Михайло Семёнович, в свою очередь, широко и крепко обнял его, прижимаясь к сухой возбуждённой щеке своей зыбкой прохладной щекой, и трижды сочно расцеловал своим тонким дружеским ртом, ловко заглядывая через плечо, надеясь, должно быть, что этой хохлацкой хитрости он не приметит, однако неподдельность этих тёплых объятий и поцелуев в один миг размягчила его, он никак не мог рассердиться, а Щепкин, выпустив его наконец, встряхнув огромной своей головой, мягким, весёлым, по-актёрски чрезвычайно отчётливым голосом громко спросил, что он делает тут, но не выдержал тона невинности и тотчас спросил напрямик:
– К чему эти книги читать? Пора бы вам знать, что значится в них, да и баста!
На Щепкине был весь в жирных пятнах просторный сюртук, волной облегавший отвислый живот, плешивый лоб казался огромным и мудрым, светло-русые волосы опускались с затылка на самую шею и крупно вились на концах, в серых с поволокой глазах светились живость и ум.

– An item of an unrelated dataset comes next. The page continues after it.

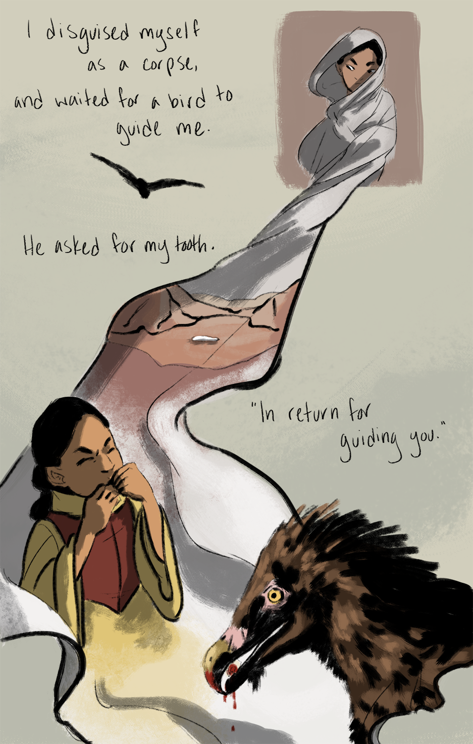 Using the fabric to lead the reader down the page was a beautiful idea. I kind of want to see more of that throughout the story! Also, great story telling.

Залюбовавшись невольно, ставший беспечным от радости видеть друга, он ответил открыто и громко:
– Знаю очень хорошо, давно знаю, да вот обращаюсь к ним вновь, душа моя нуждается в сильных толчках.
Щепкин придвинулся, поталкивая огромным своим животом, энергично взмахивая пухлой рукой, с живостью действуя выразительными губами:
– Это всё верно, я же не спорю, однако для души мыслящей может служить толчком всё, что ни рассеяно по природе: и цветок, и пылинка, и небо, и вся наша земля.
Он нахмурился, не в силах ни согласиться, ни возразить:
– Природа гласит нам о жизни земной, Евангелие учит готовиться к смерти.
Щепкин только руками развёл:
– Помилуй, что ж готовиться к ней, все помрём, один поранее, другой попоздней, всех позже подлецы, негодяи и жулики, притом, заметь себе, последними те, кто при деньгах и в чинах.
Он вздрогнул и серьёзно сказал:
– Стало быть, нам с вами давно уж пора.
Щепкин загоготал широко, но что-то печальное вдруг пролегло на дне глаз:
– Э, не эта мысль убивает меня, меня убивает бездействие. Я в театре сделался ходячей машиной. На сцене я вечный дядя. Я позабыл, что такое настоящая комедийная роль. Слава Богу, возобновили на днях «Ревизора». Недаром горячился покойный Виссарион, что одна эта комедия могла бы обогатить любую европейскую сцену. Светлый был человек, понимал преотлично подобные вещи. Вот оживу, разгуляюсь ужо. Только Шумскому ты растолкуй...
Он перебил, не желая никого поучать:
– И напрасно.
Щепкин огорчённо боднул головой, щёки стали пунцовыми от сильно прихлынувшей крови, в голосе засквозила мольба:
– Страшусь, всё испортит, а зритель непременно повалит на твоего «Ревизора»
Он отговаривался:
– Представлений уже было довольно, надоело, поди, зритель, быть может, на первых порах и пойдёт, да не продержится долго.
Щепкин изумлялся, настаивал:
– Это на «Ревизора»? Уж нет, на «Ревизора» наш зритель валом повалит, что там ни говори, при всей его пошлости, при всём обожании пустых водевилей чутьё на хорошее у него всё же есть!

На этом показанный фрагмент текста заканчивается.